Thanks for the memories, said Paul Pogba, as he left Juventus and they thanked him for providing their back account with the biggest sum ever committed to the transfer of an individual footballer.

Pogba went back to Manchester United, from where Juve had recruited him as a teenager. Alvaro Morata, meanwhile, went back to Real Madrid, from where Juve had found him two years earlier aged 21.

Morata spoke eloquently of how much he had learned at Juve. “Italy is the hardest place for a striker to shine,” he said anticipating his return to his native Spain, and to Madrid, the champions of Europe. “But it’s the best place to learn.”

• More: 5 players to watch in Serie A this season

But Serie A should be more than a finishing school for aspiring finishers, or would-be Ballons D’Ors winners, as Pogba clearly aims to be.

A principal hope for the Italian league season that begins Saturday is that it will have a compelling, classy title race even if it seems unlikely that the clubs disputing that can be the trio that used to do so in the days, the 1990s, when Italy undoubtedly housed the most glamorous and richest domestic competition in the sport.

The Milan clubs, Inter and AC Milan, have deep structural problems that have been going on long enough now that the upper rung of expectation at San Siro is merely to try and scrape into the Uefa Champions League, via a spot in the top three.

The frailties of Inter and Milan – who both have new managers, with Frank de Boer at Inter and Vicenzo Montella at Milan – do make things easier for Juventus, who on Saturday take on Fiorentina as the first step in the chase for a sixth successive Serie A title.

That run of titles puts them into the kind of territory not even Bayern Munich or Paris Saint-Germain have yet built up in two leagues, Germany’s and France’s, that have become a little derided for the predictability of their outcomes.

This summer, more than any before, Juve are spoken of as a ruthlessly relentless institution, and not only because they have been reigning champions for so long.

Like Bayern tend to, they have systematically preyed on their nearest rivals in the transfer market.

The swoop to take Gonzalo Higuain from Napoli by paying his buyout clause, of €90 million (Dh 374m), has animated the lead-up to the season far more than the sale of Pogba, whose fee clearly helped Juve to be so bold in signing the Argentinian.

Higuain’s 36 goals in the league last season made Napoli real contenders to put a new name on the championship shield.

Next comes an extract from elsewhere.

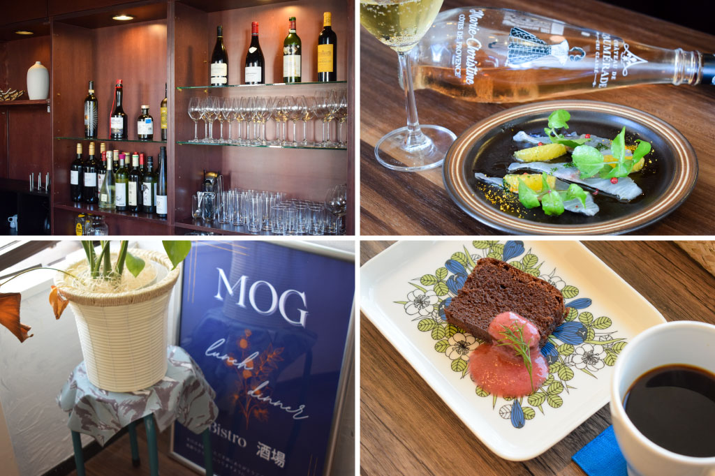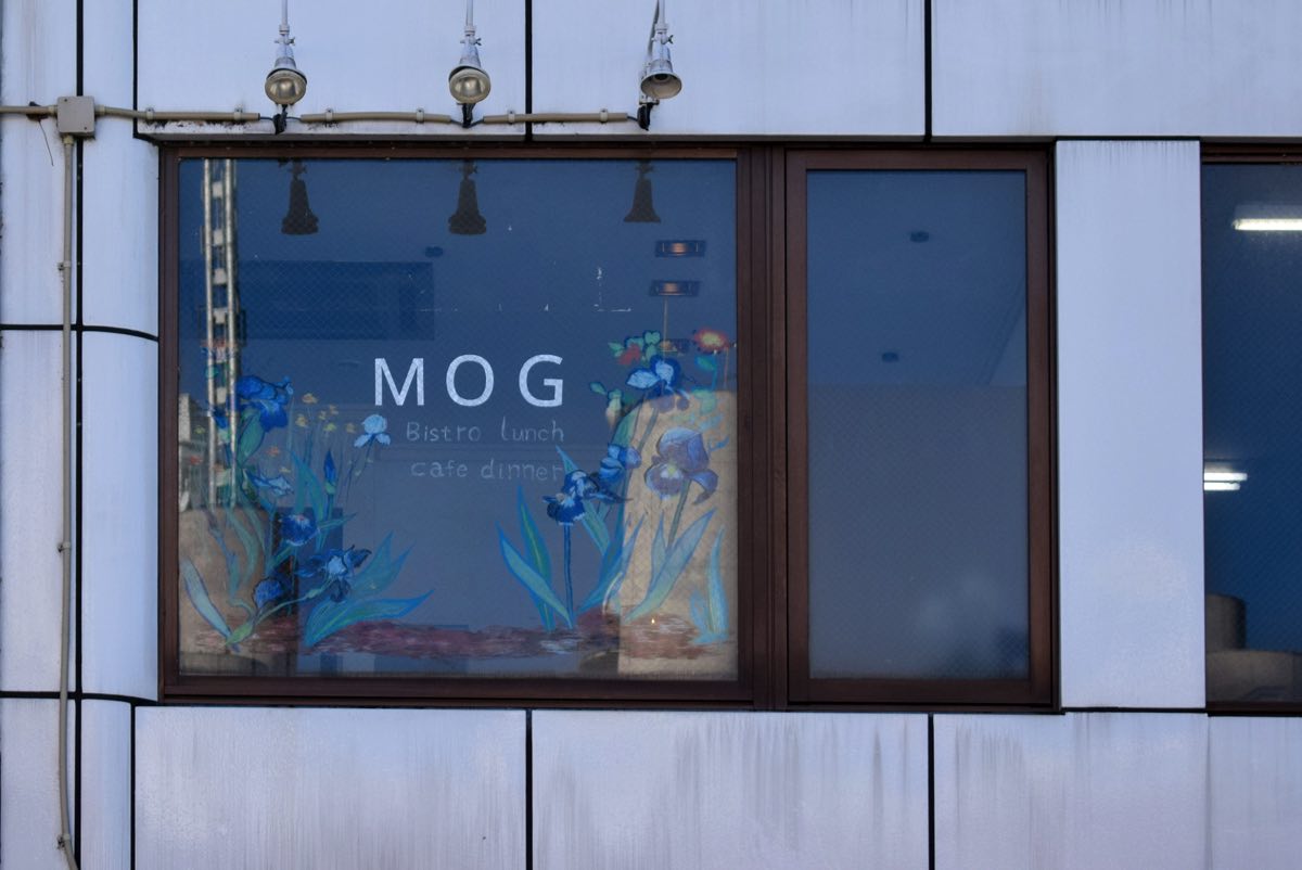 甲府駅北口から歩いてすぐ。控えめな小さな入口が隠れ家感を漂わすビストロ酒場「MOG(モグ)」が2024年3月1日オープンした。2階の窓ガラスに描かれた、おしゃれなペイントが目印!

There is great venom in some of the Neapolitan reaction to his departure.

“That’s the way Juve work,” fumed Aurelio De Laurentiis, the Napoli president. Evidently, it is.

Miralem Pjanic, Roma’s creative fulcrum for the last five years, is now a Juve player, too. The top dogs have taken a big bite out of the last second- and third-placed finishers.

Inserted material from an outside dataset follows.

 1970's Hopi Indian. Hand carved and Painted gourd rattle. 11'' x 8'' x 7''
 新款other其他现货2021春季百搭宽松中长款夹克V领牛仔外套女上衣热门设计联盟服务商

Can Napoli chase again as effectively as they did for two-thirds of the last campaign? Replacing Higuain will be hard, and much looks likely to depend on the effectiveness up front of Arkaduisz Milik, the young Polish striker signed by De Laurentiis from Ajax.

Roma need to maintain their recent habit of starting well, but must add to that a stamina through the winter months.

Long-term endurance is at issue at Roma in several respects.

Francesco Totti is still there. Well before he turns 40 next month, ideas will form about whether he can be an effective supersub or just an overbearing figure casting an ominous shadow from a bench he would rather not be sitting on, ruminating on the better times, when he was a giant in a league that was out on its own as the very best.